When it comes to the markets, many forecasters are waiting for the big one.
And no, it’s the next stock to pop. It’s the downturn that will end the nine-year bull market.
The market’s run since the financial crisis is on the brink of reaching a historic mark. Next week, it is poised to cross a threshold that will make it the longest bull market, besting the previous record from October 1990 to March 2000.
The S&P 500 index has climbed 325 percent since its low of 666 in March 2009.
Despite those gains, the effects of the financial crisis still loom. Recent research from the Federal Reserve Bank of San Francisco estimates that the crisis cost every American about $70,000 in lost lifetime income.
Investors’ memories, however, seem to have recovered. A Bank of America Merrill Lynch survey of fund managers released this week found that they are the most bullish on U.S. stocks that they have been since 2015.
Still, a downturn — or even a correction — can come at any time. Turkey’s currency crisis has reignited some of those fears.
Financial advisors offer the following tips for how you can make sure you are prepared before a big dip.
After downturns, the market always recovers, said David Karp, co-founder of PagnatoKarp, though some recoveries take longer than others.
But trying to time the market is consistently a losing proposition, he said.
“You can get it right once, and I’ll call it luck,” Karp said. “But getting it right twice is what you really need to do … You’ve only won if you figured out when to get back in.”
If you’ve worked hard to achieve a certain level of wealth, it is important to protect your money.
“Most people who are type A play to win,” Karp said. “But once you achieve a certain position or certain place in life, it almost makes sense to play not to lose.”
When investing, ask yourself if the reward is worth the risk.
“Make a decision from having been really thoughtful as opposed to just relying on the hope that the bull market continues and it continues to go up,” Karp said.

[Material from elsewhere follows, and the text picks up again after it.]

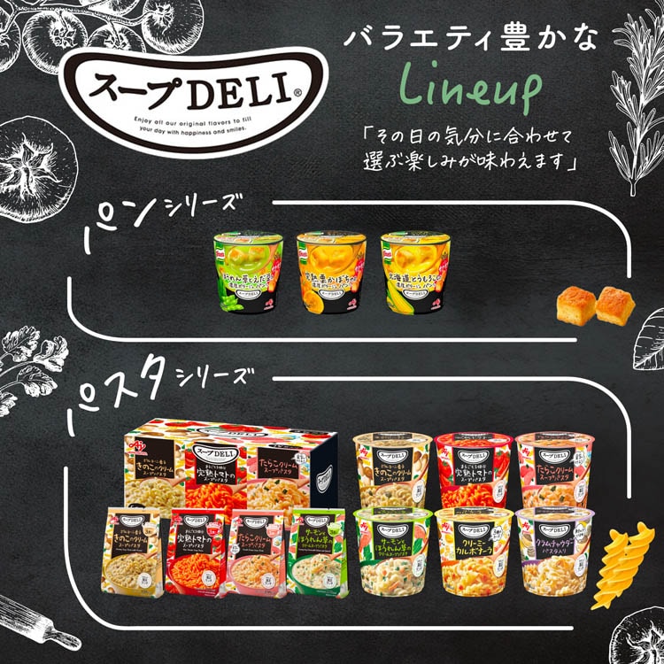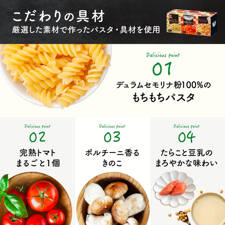 ●濃厚なスープがしっかり絡んで小腹を満たすことができる食べごたえのあるスープパスタが3種類入っています。
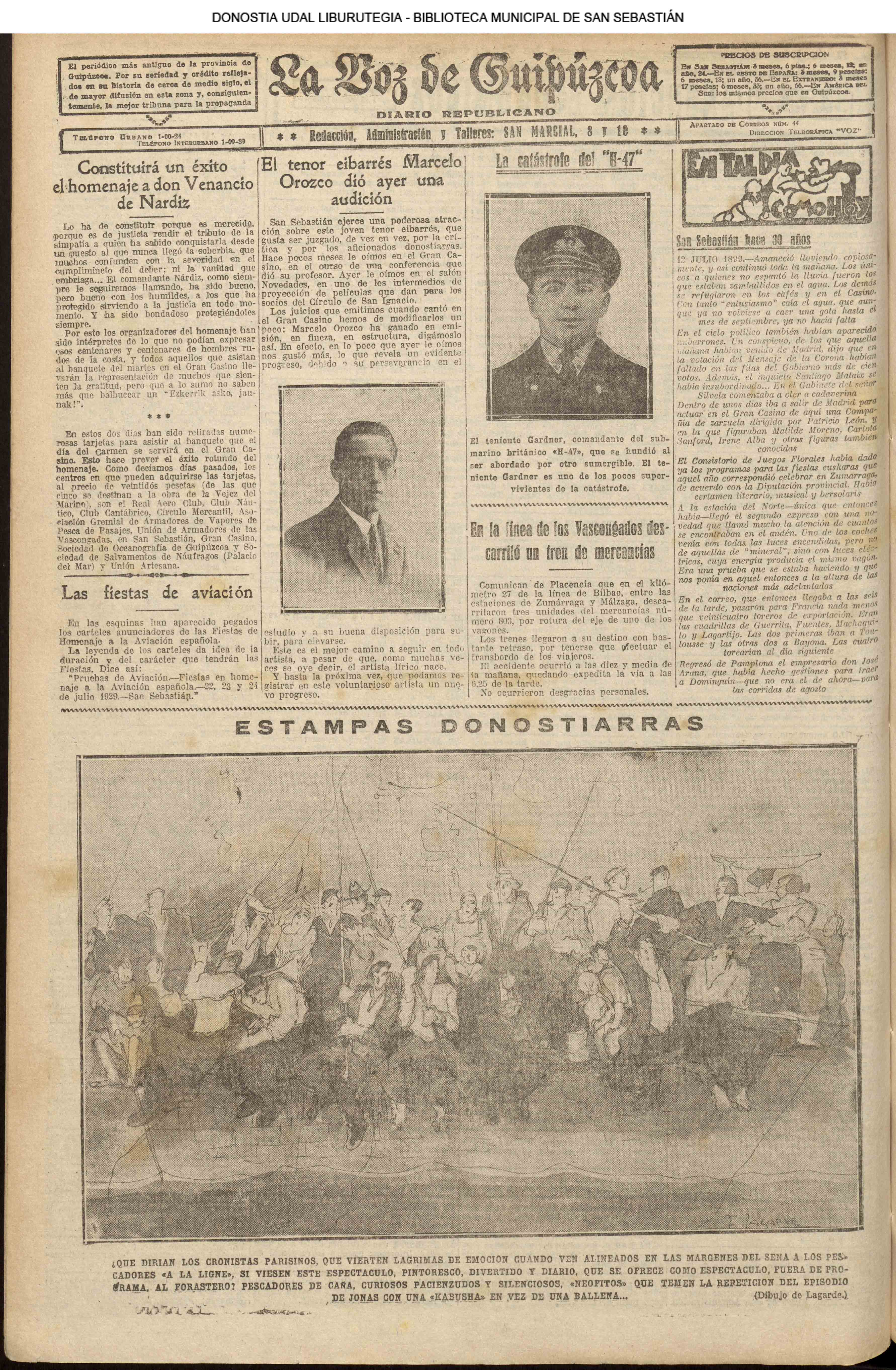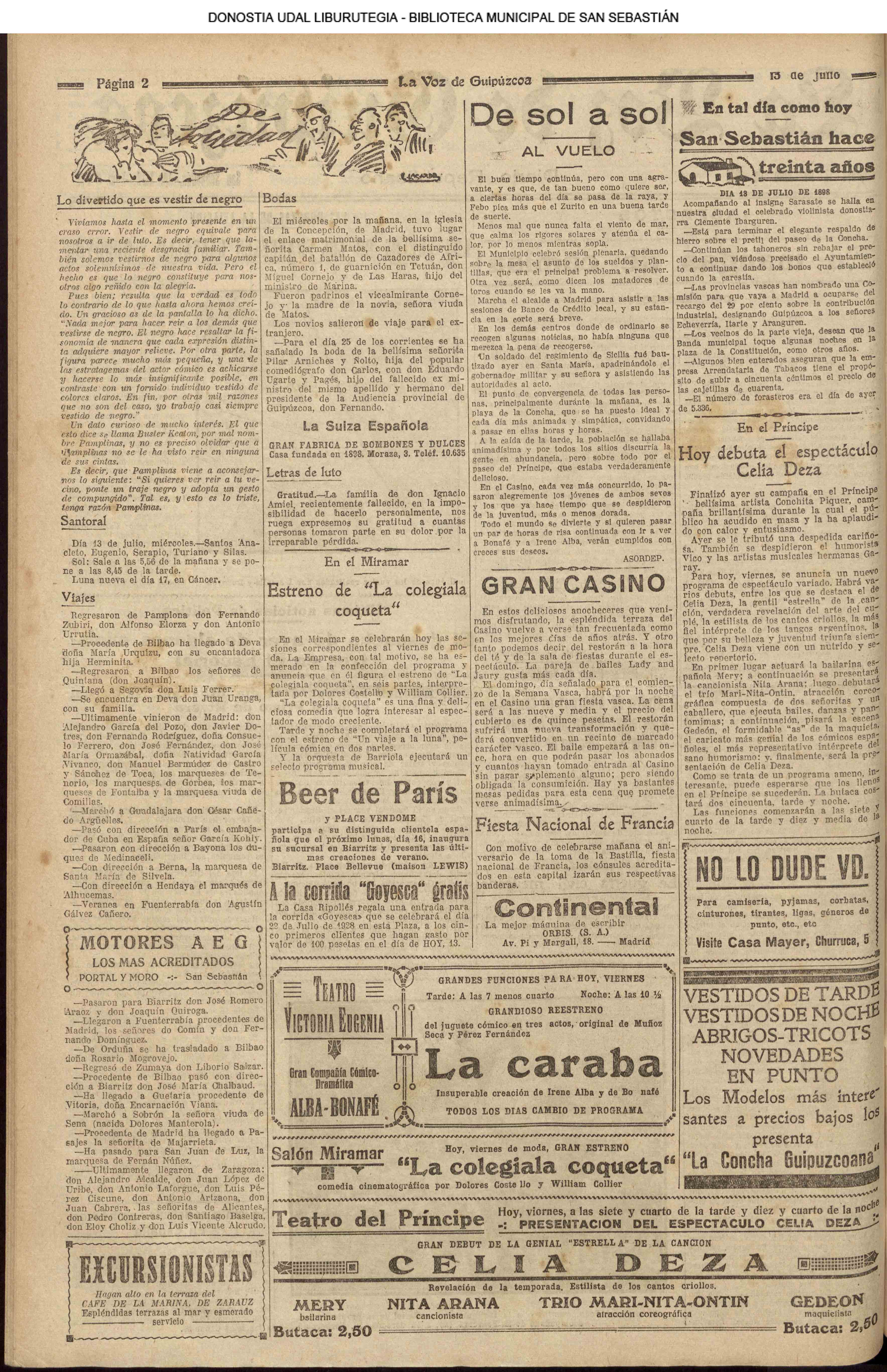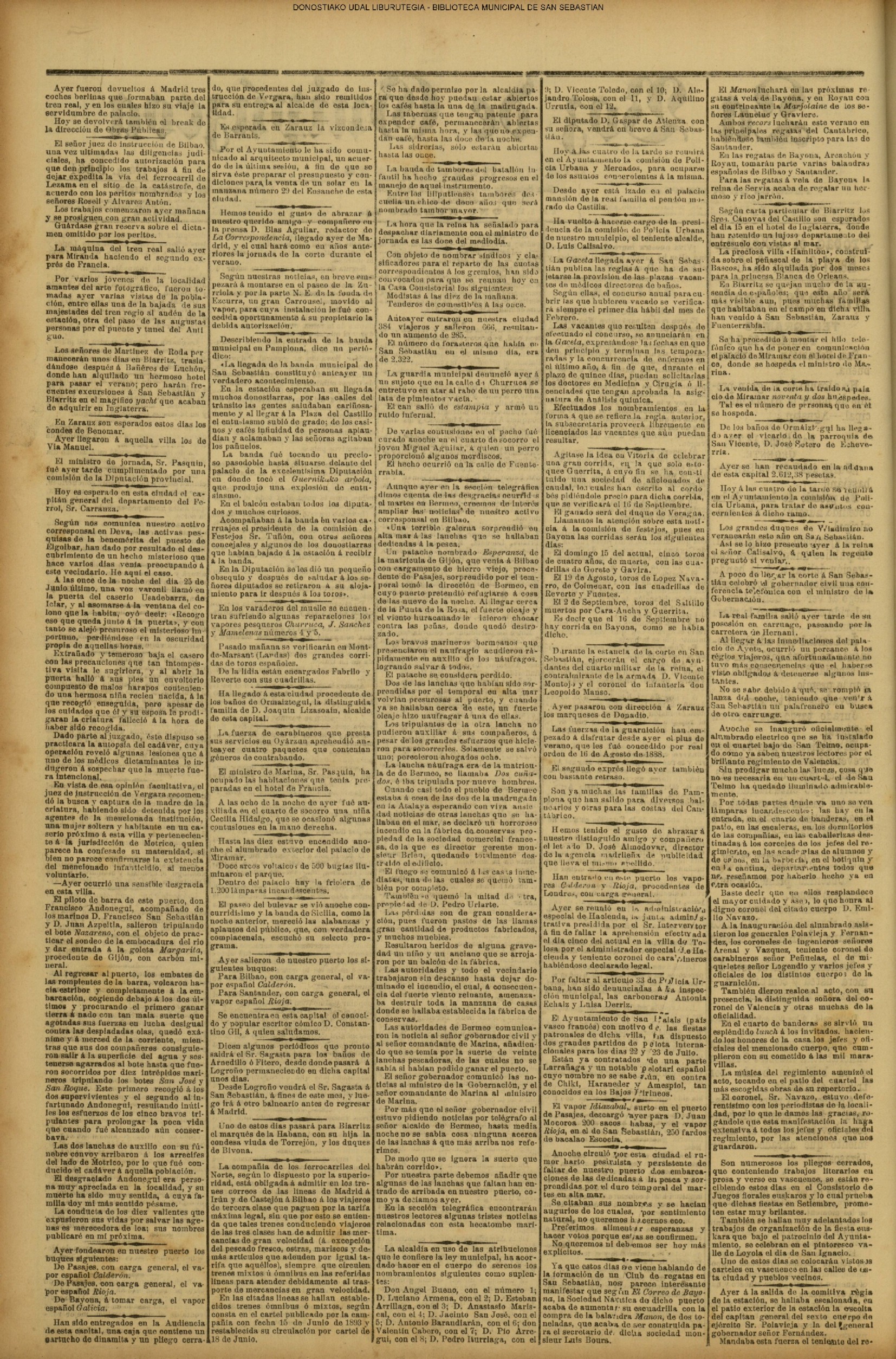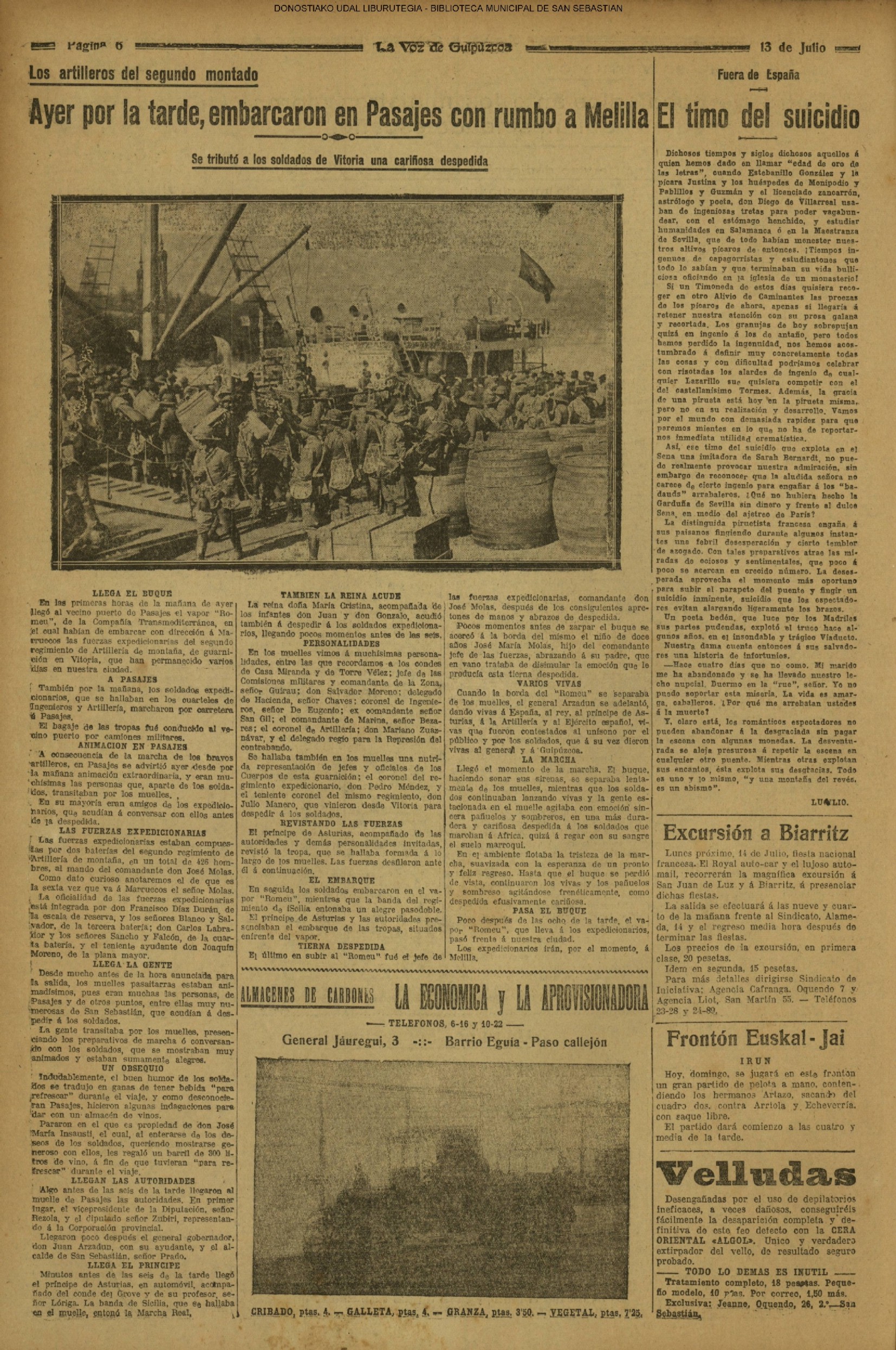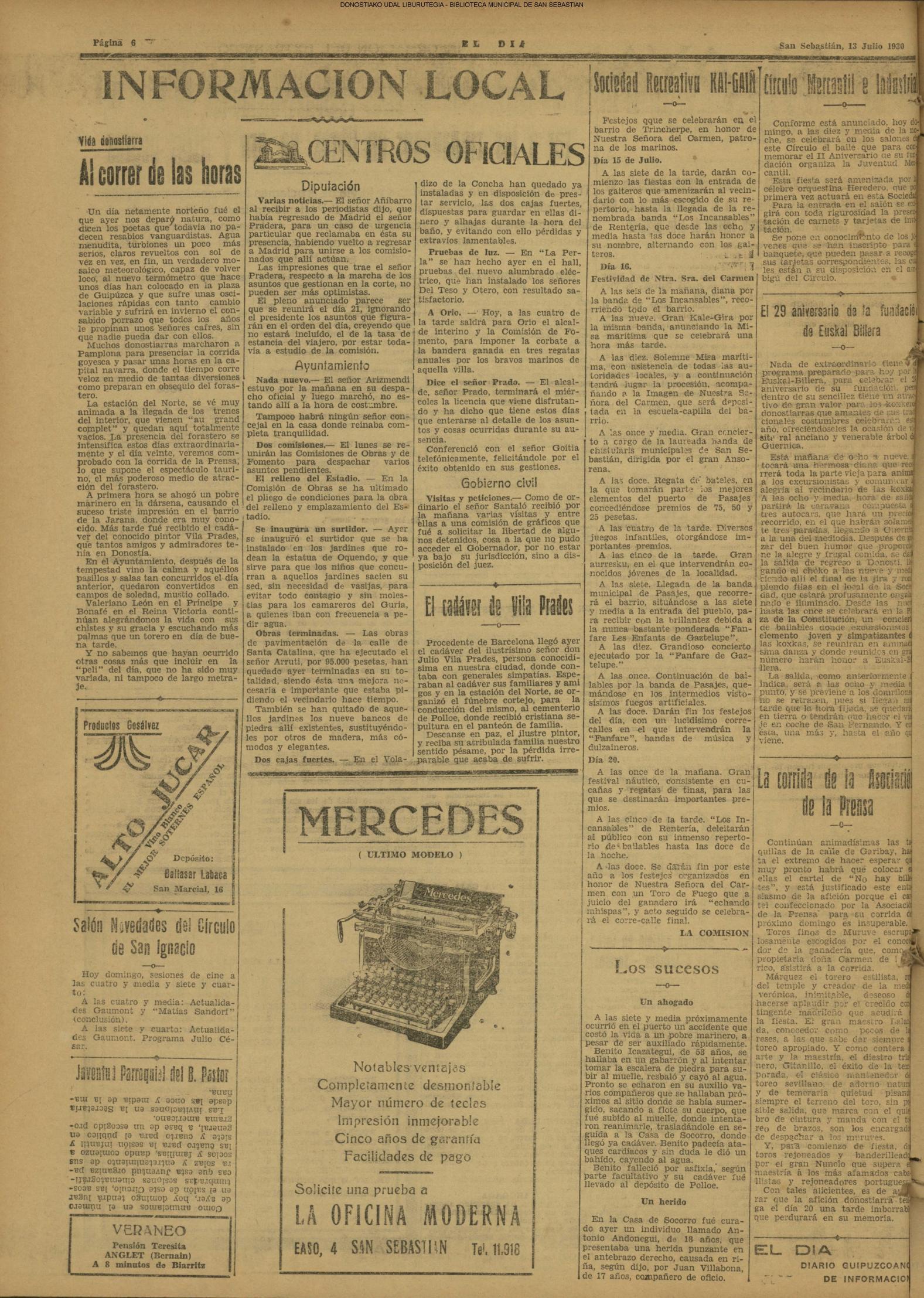 (1959) - En la ceremonia de fin de curso de las Escuelas Nacionales, efectuada en el salón de actos de la Biblioteca Municipal, es impuesta la Medalla al Mérito en la Enseñanza, a la maestra doña Carmen Gallego Santos, que ha ejercido su abnegada profesión en las Escuelas donostiarras durante más de medio siglo. (1961) - Un temporal de mar se produce hoy, tarde y noche, en el Cantábrico, originando grandes pérdidas materiales y numerosas víctimas entre la sufrida clase pescadora. Padecieron especialmente las consecuencias de esta inesperada y violentísima galerna de verano, la pequeña flota deportiva de nuestra bahía y las instalaciones veraniegas situadas en los paseos marítimos de la ciudad. (LA VOZ DE ESPAÑA) (1962) (1972) |

Three things all investors should keep in mind when investing are their risk tolerance, time horizon and liquidity needs, according to Michael Conway, CEO of Conway Wealth Group.
“A portfolio really needs to tie back to total financial planning, overall cash needs and retirement modelling, rather than trying time the market,” Conway said.
If you keep those goals in mind, you will be less inclined to sway your portfolio with the market’s ups and downs, he said.
Take a look at your investments and gauge what has underperformed and what has outperformed the market, said Marguerita Cheng, CEO of Blue Ocean Global Wealth.
“If something has outperformed, it may make sense to pare back that position” and reallocate those funds to underperforming areas, Cheng said.
That helps to achieve the goal you should be shooting for: Buying high and selling low.
“You don’t want to rebalance too much, but at least at a minimum once a year,” Cheng said.
Karp recommends investors have as much as 18 months of their money in cash.
That money, combined with routine interest and dividends, can make it so you know where the funds for your lifestyle for the next two to three years are coming from.
“Cash is absolutely priceless if you have it when you need it,” Karp said. “And need it means in a market sell off of 40 or 50 percent, you have the buying opportunity of a generation.”